The result is that the U.S. shale industry, often touted as the backbone of the U.S. energy independence movement, has found itself caught in the middle between the oversupplied oil market and severely hampered oil demand.
And it looks like the government is getting worried.
On Monday evening, the U.S. made the decision to appoint Victoria Coates as special energy representative to Saudi Arabia. While the United States insists that this was in the works for quite some time, even before the oil war began, the timing coincides rather nicely with the shocking price drop for the US crude grade West Texas Intermediate, which is now trading around $23 per barrel, down from $60-something per barrel at the beginning of the year.
This $23 per barrel is not sustainable long term—perhaps not even short term—creating a sense of urgency in the United States to address the problem.
And who better to address than the perceived perpetrator of the oil price war, Saudi Arabia.
At the beginning of the oil price slide, the Trump Administration was singing the praises of the low oil prices. For consumers in the United States, lower oil prices mean an easing of cost of living expenses, freeing up money to spend on other things, and bolstering the economy in the process. This is all positive for consumers.
But it became clear rather quickly that oil prices were sinking far too low to be sustainable for the oil industry, and for the economy. Low gasoline prices mean very little when people aren’t leaving their homes to drive anywhere, as is the case now for nearly half of all Americans, so the single benefit of low oil prices will not be realized. These stay-at-home restrictions and lack of call for gasoline are contributing to the lack of demand and helping to push prices even lower.
The government has since shown signs of its panic—oil prices are too low, and something must give, and soon. That “something”, the U.S. hopes, will be Saudi Arabia.
Enter Victoria Coates.
When United States announced this week that it had appointed a new special energy envoy to Saudi Arabia, the Administration said it was “to ensure the Department of Energy has an added presence in the region.”

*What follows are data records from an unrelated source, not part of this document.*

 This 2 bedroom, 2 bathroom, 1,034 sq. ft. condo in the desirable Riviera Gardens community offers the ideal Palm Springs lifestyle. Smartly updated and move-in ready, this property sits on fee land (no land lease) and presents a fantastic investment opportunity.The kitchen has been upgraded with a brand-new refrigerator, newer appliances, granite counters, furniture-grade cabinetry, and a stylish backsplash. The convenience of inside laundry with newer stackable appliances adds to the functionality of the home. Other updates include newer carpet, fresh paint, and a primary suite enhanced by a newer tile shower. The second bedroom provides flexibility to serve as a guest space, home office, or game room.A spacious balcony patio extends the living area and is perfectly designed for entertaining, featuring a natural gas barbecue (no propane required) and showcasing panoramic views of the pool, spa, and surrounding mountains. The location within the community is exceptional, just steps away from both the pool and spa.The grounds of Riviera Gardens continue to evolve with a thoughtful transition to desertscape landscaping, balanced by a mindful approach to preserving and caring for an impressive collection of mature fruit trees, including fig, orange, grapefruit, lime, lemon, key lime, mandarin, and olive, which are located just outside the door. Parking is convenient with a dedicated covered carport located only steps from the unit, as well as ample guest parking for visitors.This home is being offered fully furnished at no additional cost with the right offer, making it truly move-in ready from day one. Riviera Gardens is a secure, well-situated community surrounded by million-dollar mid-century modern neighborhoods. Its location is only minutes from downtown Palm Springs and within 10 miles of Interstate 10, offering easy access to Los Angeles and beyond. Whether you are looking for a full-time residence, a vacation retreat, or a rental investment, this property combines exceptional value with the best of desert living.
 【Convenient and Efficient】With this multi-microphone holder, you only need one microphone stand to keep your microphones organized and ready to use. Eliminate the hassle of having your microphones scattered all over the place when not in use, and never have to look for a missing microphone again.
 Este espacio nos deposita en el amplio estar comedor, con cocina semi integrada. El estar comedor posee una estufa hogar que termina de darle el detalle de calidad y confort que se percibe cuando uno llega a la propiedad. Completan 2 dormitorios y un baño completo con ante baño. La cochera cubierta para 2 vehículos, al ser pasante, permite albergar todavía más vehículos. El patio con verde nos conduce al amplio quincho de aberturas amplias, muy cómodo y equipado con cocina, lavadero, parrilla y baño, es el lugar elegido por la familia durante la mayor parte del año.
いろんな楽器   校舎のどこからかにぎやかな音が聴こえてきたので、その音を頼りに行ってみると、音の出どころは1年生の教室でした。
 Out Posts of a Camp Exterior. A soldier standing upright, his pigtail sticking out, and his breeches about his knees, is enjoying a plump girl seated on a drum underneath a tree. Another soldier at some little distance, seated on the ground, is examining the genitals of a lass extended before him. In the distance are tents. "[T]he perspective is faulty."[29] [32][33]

Coates was a critical component of the negotiations with Iran and Trump’s Middle East policy creation during her time at the White House, which ended in February when she moved to the Department of Energy.

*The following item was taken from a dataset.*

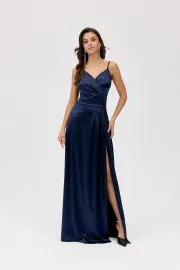 Salma to sukienka wieczorowa o szykownej, wydłużonej linii, która pięknie podkreśla sylwetkę. Model zachwyca subtelnym V-dekoltem, delikatnymi ramiączkami oraz długą, swobodnie układającą się spódnicą z efektownym rozcięciem. Gładki fason akcentuje talię w elegancki, nowoczesny sposób.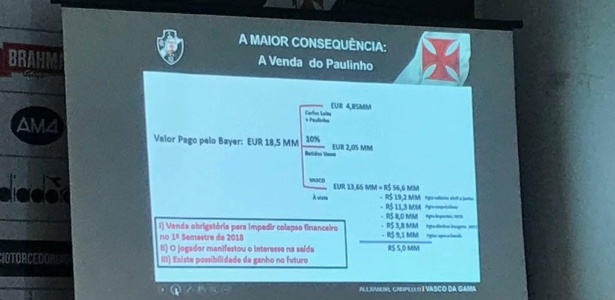 Em apresentação a conselheiros na semana passada, o presidente do clube, Alexandre Campello, divulgou este slide sobre a venda de Paulinho:

The announcement comes about a week after President Trump, at a coronavirus briefing, said the U.S. would intervene in the oil war, stressing the U.S. had “a lot of power over the situation” and was “trying to find some kind of medium ground.”
Despite the timing, the U.S. is not owning the fact that Coates’ new assignment and the oil price war have any noteworthy link.
Lawmakers Out for Blood
But the move comes after intense pressure from U.S. lawmakers and others in the industry in recent weeks, some of who have urged President Trump to take the extreme stance of embargoing Russian and Saudi Arabian oil. Other calls to action include the Texas Railroad Commission’s suggestion to use pro-rationing that would force Texas producers to curb production—something that is unthinkable in America.
Mississippi Senator Roger Wicker and Oklahoma Senator Inhofe asked the Department of Commerce to slap a tariff on foreign oil, citing national security reasons.
Other ideas include outright conspiring—albeit in a somewhat unofficial capacity—with Saudi Arabia to coordinate production.
These rare developments and proposals all indicate one thing: the oil price war is hurting U.S. shale, and the government is worried. Energy security, energy dependence, and a significant portion of the economy are all riding on U.S. shale’s ability to outlast Saudi Arabia or Russia in the oil price war.
And while U.S. shale was the one to show remarkable fortitude the last time Saudi Arabia tried to squeeze it out of the market, the coronavirus component this time around, combined with what many see as an unhealthy debt load, have led to some question whether U.S. shale has what it takes this time around.